The communities most affected by biased AI systems tend to be the same communities that were already disadvantaged before AI existed. The technology doesn't create that inequality from scratch. But it can automate it, scale it up, and make it invisible — which is arguably worse.
One more thing worth understanding: the scale at which AI operates makes bias more dangerous than individual human bias. A single biased hiring manager affects maybe a few hundred decisions a year. An AI system embedded in recruiting software used by thousands of companies affects millions of applications simultaneously — all in the same biased direction. A biased judge affects dozens of cases. A biased recidivism-prediction algorithm (one that predicts whether someone will commit another crime) affects every courtroom in the state that uses it.
This is what makes the representation problem so urgent. When something is wrong in the data, it's wrong at industrial scale, applied to millions of people, automatically, around the clock. Human biases are inconsistent — people have good days and bad days, they're influenced by context, they sometimes catch themselves. An AI's biases are completely consistent. It makes the same error in the exact same way every single time, millions of times, until someone discovers the problem and fixes it.
That discovery usually happens because someone notices it happening to them — or to their community.

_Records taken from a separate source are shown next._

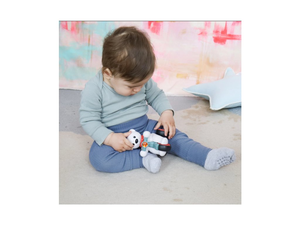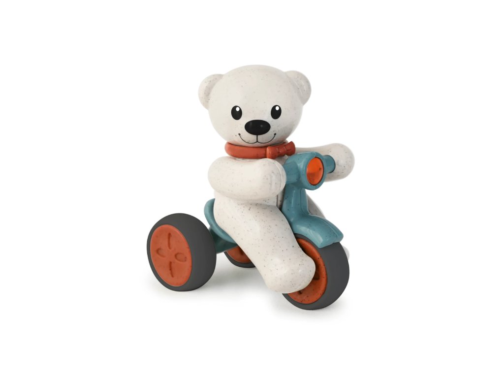 Tolo Medvedík na trojkolke stimuluje koordináciu rúk a očí a podporuje hrubú motoriku detí. Stláčaním hlavičky a sledovaním pohybu medvedíka sa deti učia o princípe príčiny a následku. Hračka je vyrobená z kompostovateľného BIO plastu z pšenice, bezpečného pre najmenšie detičky.
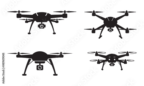 Drone silhouette vector, drone camera icon silhouette vector illustration
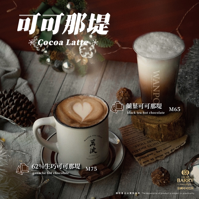 萬波推出2款「62%生巧可可那堤」及「蘭葉可可那堤」,皆嚴選法國百年巧克力品牌Cacao Barry 產品作為原料,將馥郁的純巧克力加入飲品中,色澤深重嚐起來又濃厚,可可風味絕對是節慶飲品,陪你迎接聖誕跨年!62%生巧可可那堤
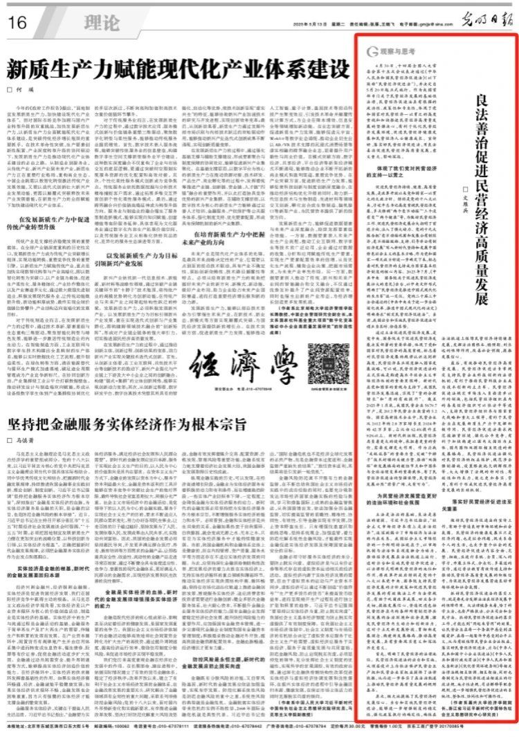 文雁兵教授在《光明日报》理论版发表文章《良法善治促进民营经济高质量发展》。
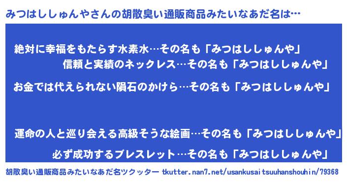 | 意味不明あだ名 | 『眠気覚ましガムみつはししゅんや味』 |
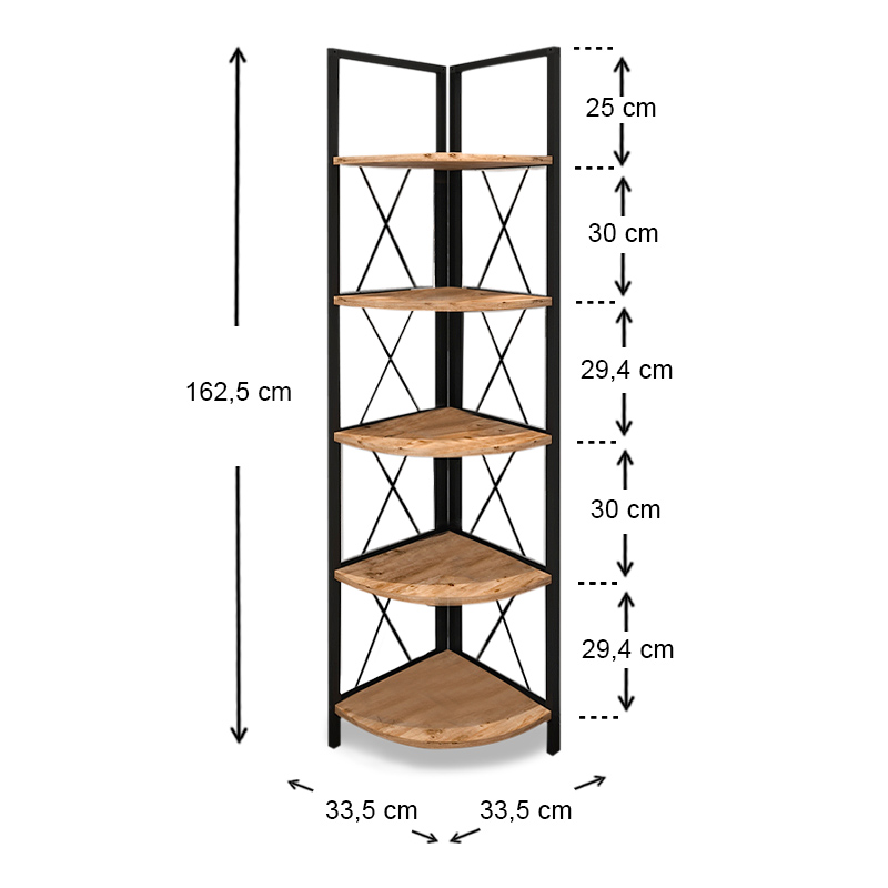 Βιβλιοθήκη γωνιακή Kelsie χρώμα μαύρο - pine oak 33x33x162εκ.

A school district wants to use an AI system to predict which students are "at risk" of dropping out, based on historical records from the past 15 years. They've asked you to audit it before deployment. Your lab partner — an AI investigator — will help you dig into the data and decisions, but won't hand you conclusions. You have to build the argument yourself.
Consider: What questions would you ask about the training data? What communities might be misrepresented? What harms could a biased prediction cause for a student who gets incorrectly flagged?
In 2019, a former YouTube engineer named Guillaume Chaslot went public with something he had seen from the inside. Chaslot had worked on YouTube's recommendation algorithm — the system that decides which video plays next. He told The Guardian and other outlets that the algorithm had one overriding goal: maximize watch time. Keep people on the platform as long as possible. Every recommendation was a bet: which video will this person click on and then keep watching?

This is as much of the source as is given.